The analysis is devided in few sections. Such as Preliminary analysis, Detailed Analysis, Outcome, Result & Discussion.

Different R Packages which are included with this projects are:

*   tidyverse
*   lubridate
*   ggplot2
*   tidyr
*   dplyr

# List of packages loaded
library(tidyverse)

## Warning in system("timedatectl", intern = TRUE): running command 'timedatectl'
## had status 1

## ── Attaching packages ─────────────────────────────────────── tidyverse 1.3.2 ──
## ✔ ggplot2 3.3.6      ✔ purrr   0.3.5 
## ✔ tibble  3.1.8      ✔ dplyr   1.0.10
## ✔ tidyr   1.2.1      ✔ stringr 1.4.1 
## ✔ readr   2.1.3      ✔ forcats 0.5.2 
## ── Conflicts ────────────────────────────────────────── tidyverse_conflicts() ──
## ✖ dplyr::filter() masks stats::filter()
## ✖ dplyr::lag()    masks stats::lag()

library(lubridate)

## 
## Attaching package: 'lubridate'
## 
## The following objects are masked from 'package:base':
## 
##     date, intersect, setdiff, union

library(ggplot2)
library(tidyr)
library(dplyr)

2. Preliminary analysis

We are loading the dataset here which will be analyzed here. As per preliminary analysis we have all the raw data. These raw data is segregated in 3 categories. The categories are: 1. Confirmed 2. Deaths 3. Recovered. Through On this project the data sets are given names like rdata_confirmed,rdata_deaths,rdata_recovered.

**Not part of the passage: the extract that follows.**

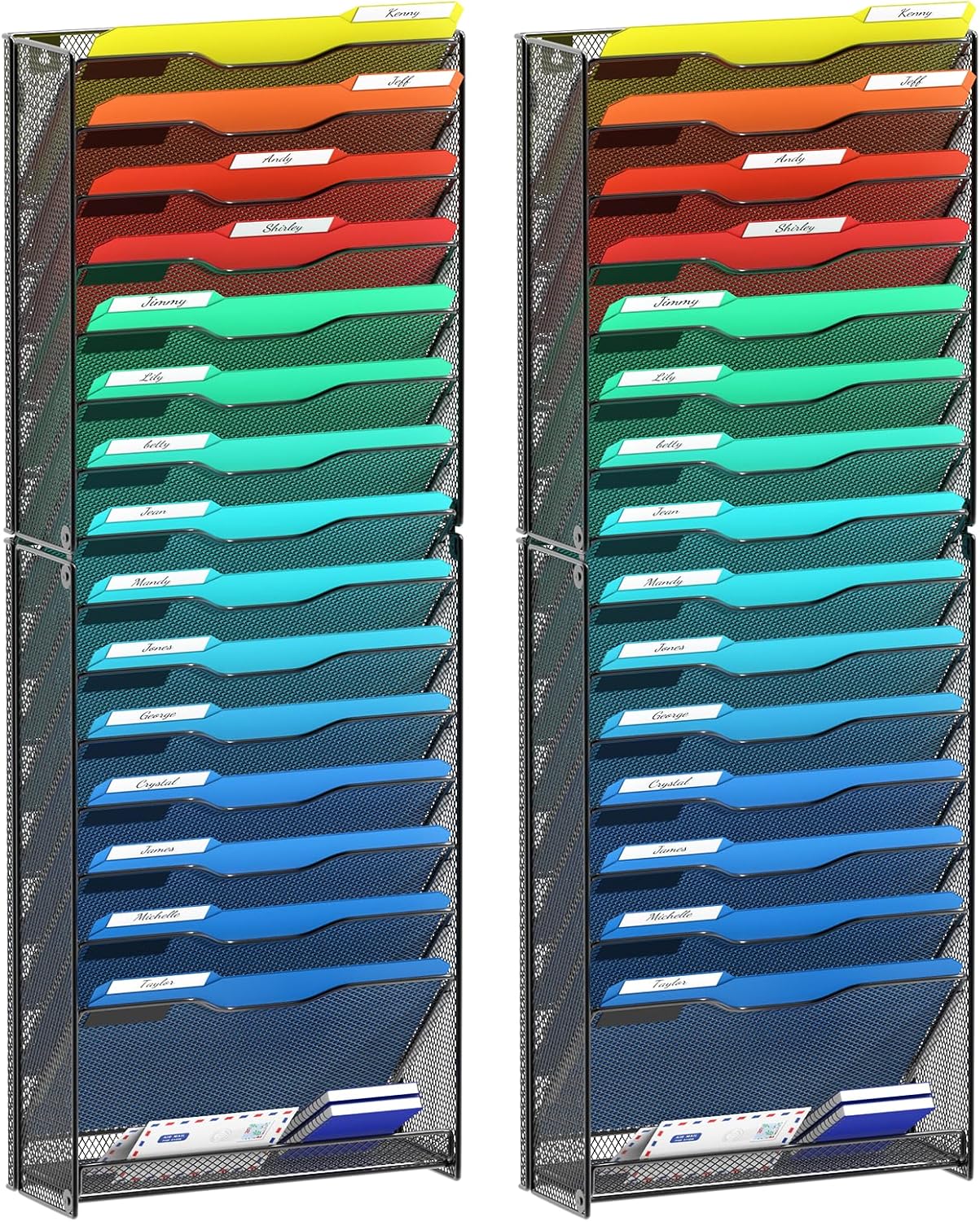 samstar 2 Pack 16 Tier Wall File Organizer Hanging Wall File Holder Wall Mount Paper Folder Organizer, Magazine Rack, Pack of 2

filenames <- c('time_series_covid19_confirmed_global.csv',
'time_series_covid19_deaths_global.csv',
'time_series_covid19_recovered_global.csv')
url.path <- paste0('https://raw.githubusercontent.com/CSSEGISandData/COVID-19/',
'master/csse_covid_19_data/csse_covid_19_time_series/')
download <- function(filename) {
url <- file.path(url.path, filename)
dest <- file.path('./', filename)
download.file(url, dest)
}
bin <- lapply(filenames, download)

## load data into R
rdata_confirmed <- read.csv('time_series_covid19_confirmed_global.csv')
rdata_deaths <- read.csv('time_series_covid19_deaths_global.csv')
rdata_recovered <- read.csv('time_series_covid19_recovered_global.csv')

3. Detailed analysis

The detail analysis includes summarizing cases based on country wide which have count of each county , number of confirmed case, death cases and recovered cases. The cumulative cases of confirmed cases has been calculated per country wise.

Even the analysis done for India where the data was compared to other neighbouring countries like Pakistan, Afganistan, Bangladesh and Nepal as well.

# Confirmed Cases
rdata_confirmed

# Death cases
rdata_deaths

# Recovered Cases
rdata_recovered

Lets lean the data to create a country level and global combined data.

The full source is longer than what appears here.